# Multiple work units on AMD E300 APU



## BarbaricSoul (Feb 10, 2013)

I'm updating the bionic client on my notebook which has a E300 APU with HD6310 onboard graphics. How many WUs at a time would you recommend for it?

E300 specs- http://products.amd.com/(S(fcjknknq...3=&f4=&f5=&f6=&&AspxAutoDetectCookieSupport=1


----------



## TRWOV (Feb 10, 2013)

1? A 6450 takes on 1 WU in ~40 minutes and it has twice the amount of shaders.


----------



## BarbaricSoul (Feb 10, 2013)

Only 1? Damn, I was hoping it would/could effectively do atleast 2 at a time.


----------



## [Ion] (Feb 10, 2013)

I guess you could _try_ two, but with something that slow I think it wouldn't be pleasant.  Given that the WU checkpointing doesn't work, there's also so much work that would then be lost when the computer was suspended or whatever.  I think more than one and you'd be unhappy.


----------



## BarbaricSoul (Feb 10, 2013)

The notebook has been running WCG 24/7 for a while now. I don't have it setup to sleep or anything as long as I don't close the notebook(which is no problem letting it sit on my desk open and crunching).

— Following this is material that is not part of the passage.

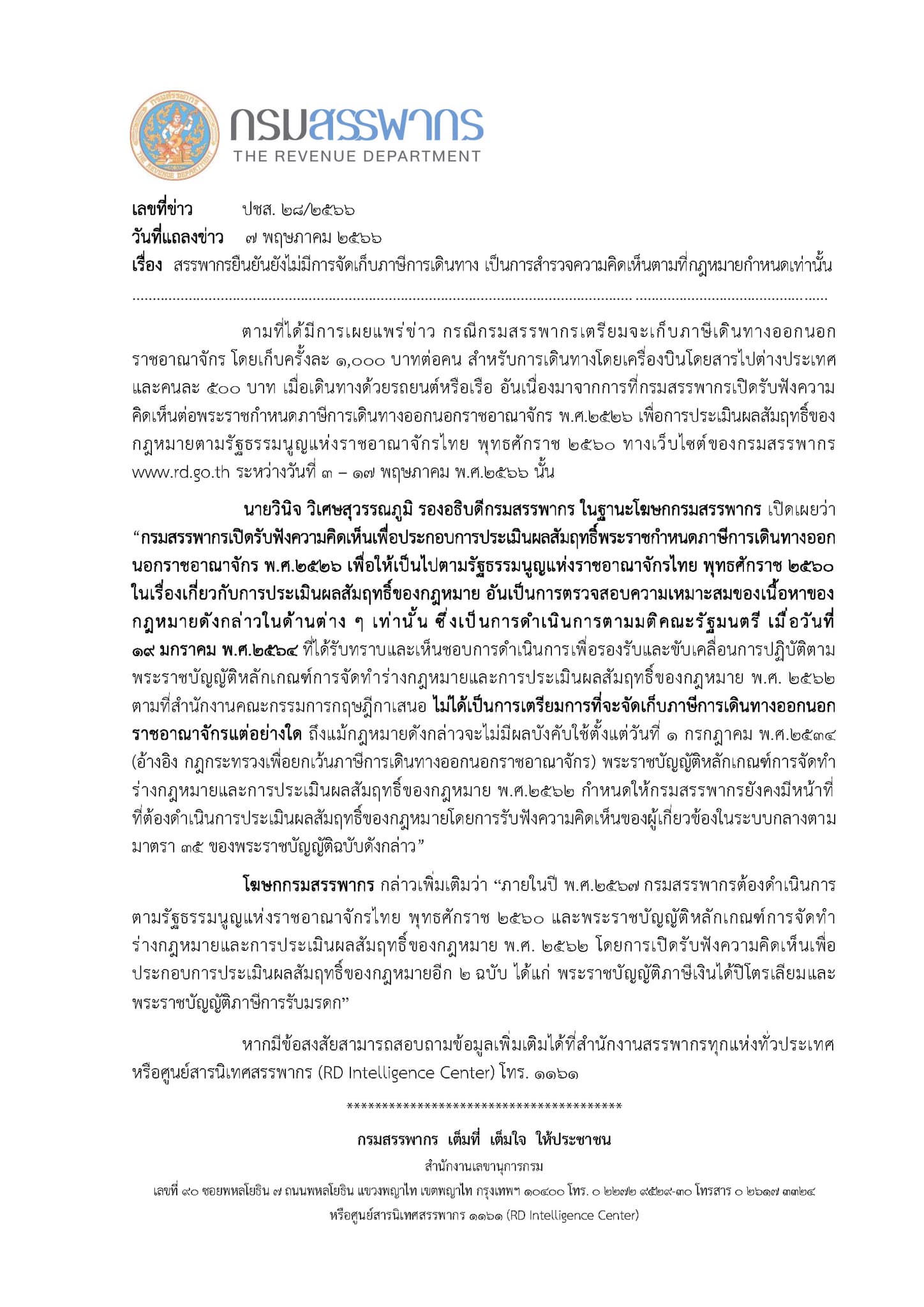 นายวินิจ วิเศษสุวรรณภูมิ รองอธิบดีกรมสรรพากร ในฐานะโฆษกกรมสรรพากร เปิดเผยว่า ตามที่ได้มีการเผยแพร่ข่าว กรณีกรมสรรพากรเตรียมจะเก็บภาษีเดินทางออกนอกราชอาณาจักร โดยเก็บครั้งละ 1,000 บาทต่อคน สำหรับการเดินทางโดยเครื่องบินโดยสารไปต่างประเทศ และคนละ 500 บาท เมื่อเดินทางด้วยรถยนต์หรือเรือ อันเนื่องมาจากการที่กรมสรรพากรเปิดรับฟังความคิดเห็นต่อพระราชกำหนดภาษีการเดินทางออกนอกราชอาณาจักร พ.ศ. 2526 เพื่อการประเมินผลสัมฤทธิ์ของกฎหมาย ตามรัฐธรรมนูญแห่งราชอาณาจักรไทย พุทธศักราช 2560 ทางเว็บไซต์ของกรมสรรพากร www.rd.go.th ระหว่างวันที่ 3-17 พฤษภาคม พ.ศ. 2566 นั้น

So losing work because computing is suspended shouldn't be worried about.


----------



## [Ion] (Feb 10, 2013)

Even so, I'd say it's slow enough that it would best benefit from just a single WU.


----------



## BarbaricSoul (Feb 10, 2013)

[Ion] said:


> Even so, I'd say it's slow enough that it would best benefit from just a single WU.



Looks like your right, almost a hour for just one GPU WU.


----------



## [Ion] (Feb 10, 2013)

BarbaricSoul said:


> Looks like your right, almost a hour for just one GPU WU.



That's still a good bit faster than most any CPU, but even my GTS450 took "only" 20 minutes.


----------